WHAT TO WORK ON
Transcribe each entry exactly, without pictures.

RECORDS FOR THE TASK
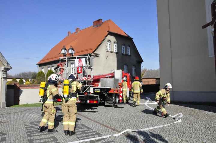 ĆWICZENIA SŁUŻB POŻARNICZYCH PRZY KOŚCIELE W RYCHTALU 2022
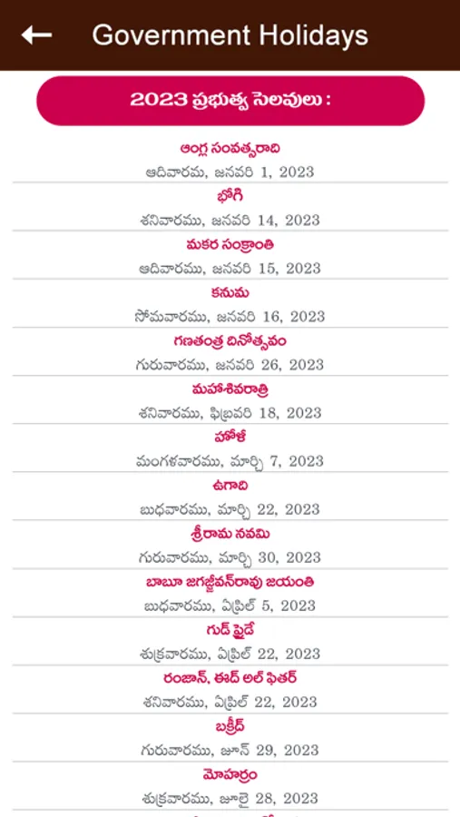 - This app intends to bring you information on Indian Calendar, Bharath Holidays & Indian Festivals are available in English, Hindi, Telugu
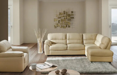 Stylowe przeszycia poduszek oparciowych oraz nakładane podłokietniki dodają narożnikowi elegancji i nowoczesnego charakteru. Dostępny jest w wersji prawo- i lewostronnej oraz w szerokim wyborze tkanin i skór naturalnych.
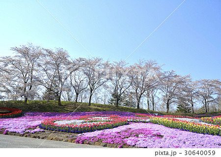 鮮やかに咲いたチューリップと芝桜 国営みちのく杜の湖畔公園 宮城県川崎町
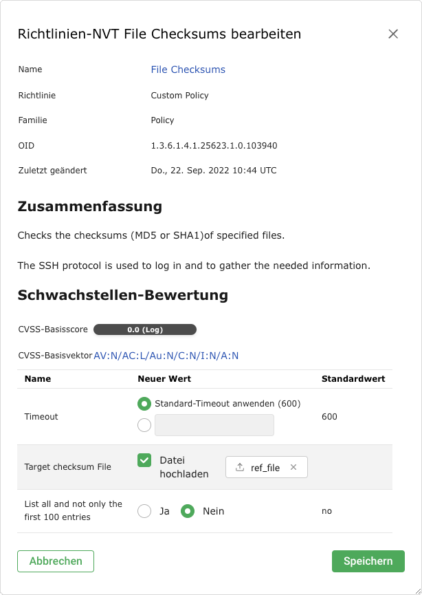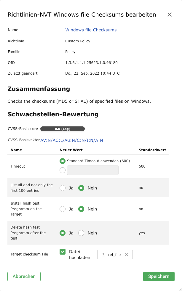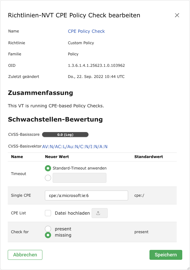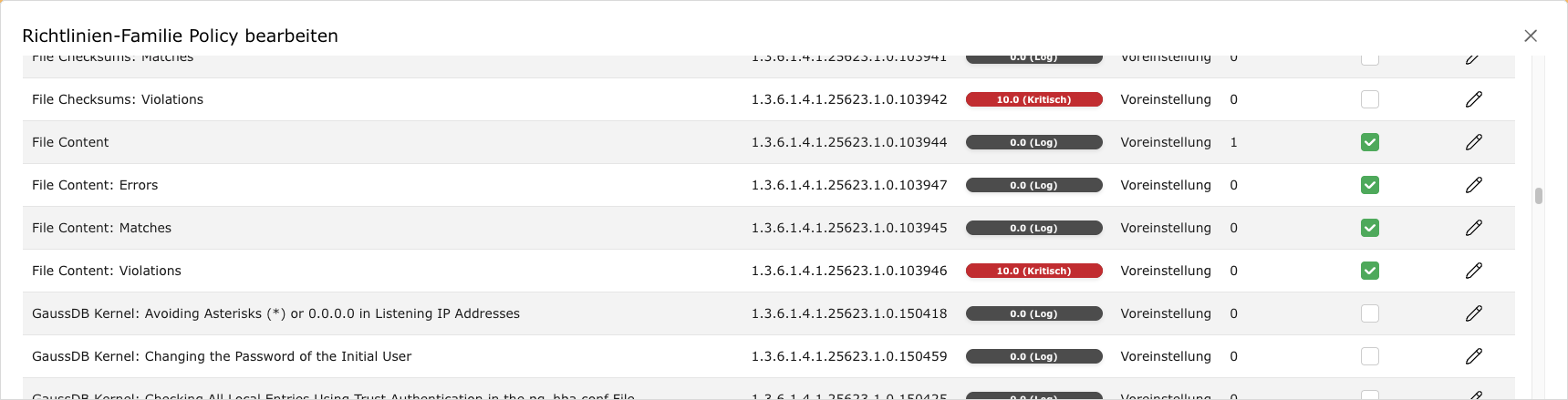 Alle Standardrichtlinien von Greenbone sind Datenobjekte, die über den Feed verteilt werden. Sie werden mit jedem Feed-Update heruntergeladen und aktualisiert.
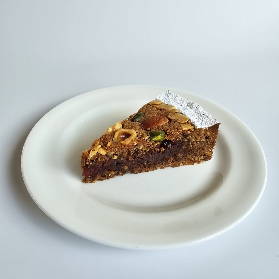 粗挽きナッツとチョコレートがたっぷりの生地に
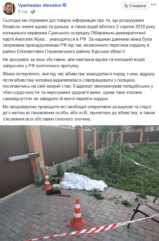 "Сегодня мы получили достоверную информацию о том, что разыскиваемые без вести пропвшие вдова и дочь, а также водитель убитого 2 августа 2018 бывшего руководителя Сумского отделения Либерально-демократической партии Анатолия Жука... находятся в РФ. По нашим данным женщина была задержана пограничникам РФ при незаконном пересечении границы в районе Елизаветовки Глушковского района Курской области.
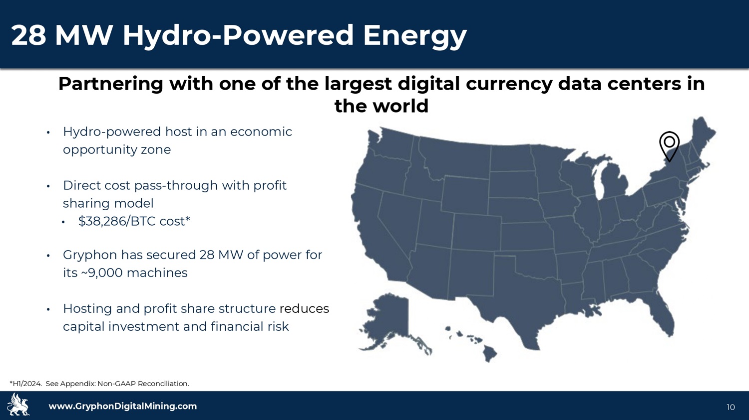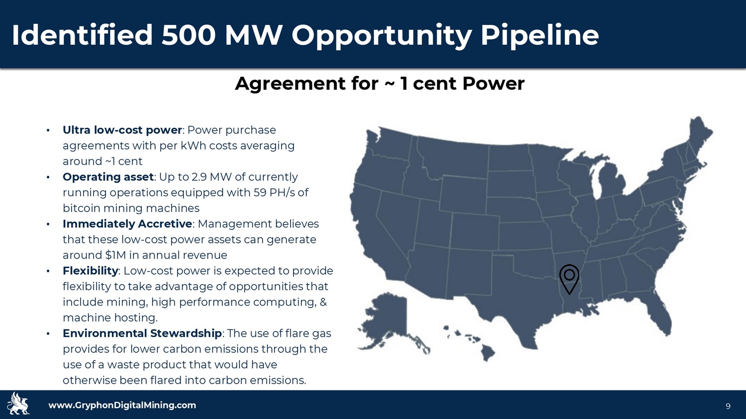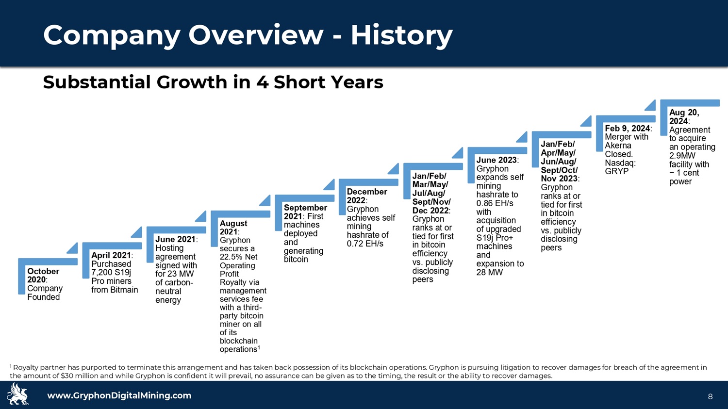 www.GryphonDigitalMining.com Target Capitalization October 2020 : Company Founded April 2021 : Purchased 7,200 S19j Pro miners from Bitmain June 2021 : Hosting agreement signed with for 23 MW of carbon - neutral energy August 2021 : Gryphon secures a 22.5% Net Operating Profit Royalty via management services fee with a third - party bitcoin miner on all of its blockchain operations 1 September 2021 : First machines deployed and generating bitcoin December 2022 : Gryphon achieves self mining hashrate of 0.72 EH/s Jan/Feb/ Mar/May/ Jul/Aug/ Sept/Nov/ Dec 2022 : Gryphon ranks at or tied for first in bitcoin efficiency vs. publicly disclosing peers June 2023 : Gryphon expands self mining hashrate to 0.86 EH/s with acquisition of upgraded S19j Pro+ machines and expansion to 28 MW Jan/Feb/ Apr/May/ Jun/Aug/ Sept/Oct/ Nov 2023 : Gryphon ranks at or tied for first in bitcoin efficiency vs. publicly disclosing peers Feb 9, 2024 : Merger with Akerna Closed. Nasdaq: GRYP Aug 20, 2024 : Agreement to acquire an operating 2.9MW facility with ~ 1 cent power 8 Substantial Growth in 4 Short Years Company Overview - History 1 Royalty partner has purported to terminate this arrangement and has taken back possession of its blockchain operations. Gryph on is pursuing litigation to recover damages for breach of the agreement in the amount of $30 million and while Gryphon is confident it will prevail, no assurance can be given as to the timing, the res ult or the ability to recover damages.
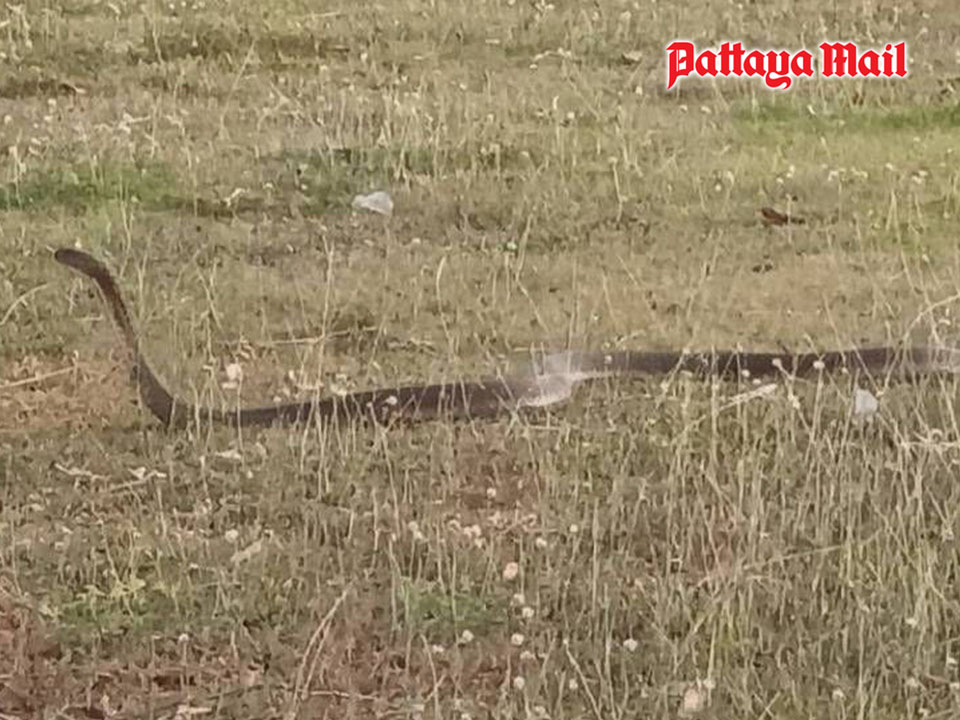 PATTAYA, Thailand – A King Cobra that had slithered into the grassy field of a local golf course in Ban Bueng district of Chonburi, was captured by a team of skilled rescuers from the Search and Rescue Center of the Silatham Society on January 3 after the golf course staff spotted the snake roaming around the area.
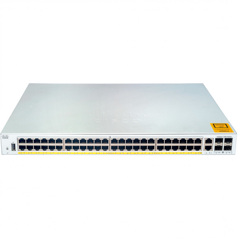 "Cisco Catalyst 1000-48P-4G-L Network Switch, 48 Gigabit Ethernet (GbE) PoE+ Ports, 370W PoE Budget, four 1 G SFP Uplink Ports, Enhanced Limited Lifetime Warranty (C1000-48P-4G-L). Switch type: Managed, Switch layer: L2. Basic switching RJ-45 Ethernet ports type: Gigabit Ethernet (10/100/1000), Basic switching RJ-45 Ethernet ports quantity: 48, USB 2.0 ports quantity: 1, Console port: RJ-45/Mini-USB. Full duplex. MAC address table: 16000 entries, Switching capacity: 104 Gbit/s. Networking standards: IEEE 802.1AX, IEEE 802.1D, IEEE 802.1Q, IEEE 802.1ab, IEEE 802.1p, IEEE 802.1s, IEEE 802.1w, IEEE.... Power over Ethernet (PoE)"\n"The Cisco Catalyst 1000-48P-4G-L Network Switch is an enterprise-class fixed managed Gigabit Ethernet Layer 2 switch designed for small businesses and branch offices. This simple, flexible and secure network switch is ideal for critical IoT (Internet of Things) deployments. It operates on Cisco IOS Software and features a CLI (command-line interface) as well as an intuitive web user interface."

REPLY TO THE TASK
 ĆWICZENIA SŁUŻB POŻARNICZYCH PRZY KOŚCIELE W RYCHTALU 2022
 - This app intends to bring you information on Indian Calendar, Bharath Holidays & Indian Festivals are available in English, Hindi, Telugu
 Stylowe przeszycia poduszek oparciowych oraz nakładane podłokietniki dodają narożnikowi elegancji i nowoczesnego charakteru. Dostępny jest w wersji prawo- i lewostronnej oraz w szerokim wyborze tkanin i skór naturalnych.
 鮮やかに咲いたチューリップと芝桜 国営みちのく杜の湖畔公園 宮城県川崎町
 Alle Standardrichtlinien von Greenbone sind Datenobjekte, die über den Feed verteilt werden. Sie werden mit jedem Feed-Update heruntergeladen und aktualisiert.
 粗挽きナッツとチョコレートがたっぷりの生地に
 "Сегодня мы получили достоверную информацию о том, что разыскиваемые без вести пропвшие вдова и дочь, а также водитель убитого 2 августа 2018 бывшего руководителя Сумского отделения Либерально-демократической партии Анатолия Жука... находятся в РФ. По нашим данным женщина была задержана пограничникам РФ при незаконном пересечении границы в районе Елизаветовки Глушковского района Курской области.
 www.GryphonDigitalMining.com Target Capitalization October 2020 : Company Founded April 2021 : Purchased 7,200 S19j Pro miners from Bitmain June 2021 : Hosting agreement signed with for 23 MW of carbon - neutral energy August 2021 : Gryphon secures a 22.5% Net Operating Profit Royalty via management services fee with a third - party bitcoin miner on all of its blockchain operations 1 September 2021 : First machines deployed and generating bitcoin December 2022 : Gryphon achieves self mining hashrate of 0.72 EH/s Jan/Feb/ Mar/May/ Jul/Aug/ Sept/Nov/ Dec 2022 : Gryphon ranks at or tied for first in bitcoin efficiency vs. publicly disclosing peers June 2023 : Gryphon expands self mining hashrate to 0.86 EH/s with acquisition of upgraded S19j Pro+ machines and expansion to 28 MW Jan/Feb/ Apr/May/ Jun/Aug/ Sept/Oct/ Nov 2023 : Gryphon ranks at or tied for first in bitcoin efficiency vs. publicly disclosing peers Feb 9, 2024 : Merger with Akerna Closed. Nasdaq: GRYP Aug 20, 2024 : Agreement to acquire an operating 2.9MW facility with ~ 1 cent power 8 Substantial Growth in 4 Short Years Company Overview - History 1 Royalty partner has purported to terminate this arrangement and has taken back possession of its blockchain operations. Gryph on is pursuing litigation to recover damages for breach of the agreement in the amount of $30 million and while Gryphon is confident it will prevail, no assurance can be given as to the timing, the res ult or the ability to recover damages.
 PATTAYA, Thailand – A King Cobra that had slithered into the grassy field of a local golf course in Ban Bueng district of Chonburi, was captured by a team of skilled rescuers from the Search and Rescue Center of the Silatham Society on January 3 after the golf course staff spotted the snake roaming around the area.
 "Cisco Catalyst 1000-48P-4G-L Network Switch, 48 Gigabit Ethernet (GbE) PoE+ Ports, 370W PoE Budget, four 1 G SFP Uplink Ports, Enhanced Limited Lifetime Warranty (C1000-48P-4G-L). Switch type: Managed, Switch layer: L2. Basic switching RJ-45 Ethernet ports type: Gigabit Ethernet (10/100/1000), Basic switching RJ-45 Ethernet ports quantity: 48, USB 2.0 ports quantity: 1, Console port: RJ-45/Mini-USB. Full duplex. MAC address table: 16000 entries, Switching capacity: 104 Gbit/s. Networking standards: IEEE 802.1AX, IEEE 802.1D, IEEE 802.1Q, IEEE 802.1ab, IEEE 802.1p, IEEE 802.1s, IEEE 802.1w, IEEE.... Power over Ethernet (PoE)"\n"The Cisco Catalyst 1000-48P-4G-L Network Switch is an enterprise-class fixed managed Gigabit Ethernet Layer 2 switch designed for small businesses and branch offices. This simple, flexible and secure network switch is ideal for critical IoT (Internet of Things) deployments. It operates on Cisco IOS Software and features a CLI (command-line interface) as well as an intuitive web user interface."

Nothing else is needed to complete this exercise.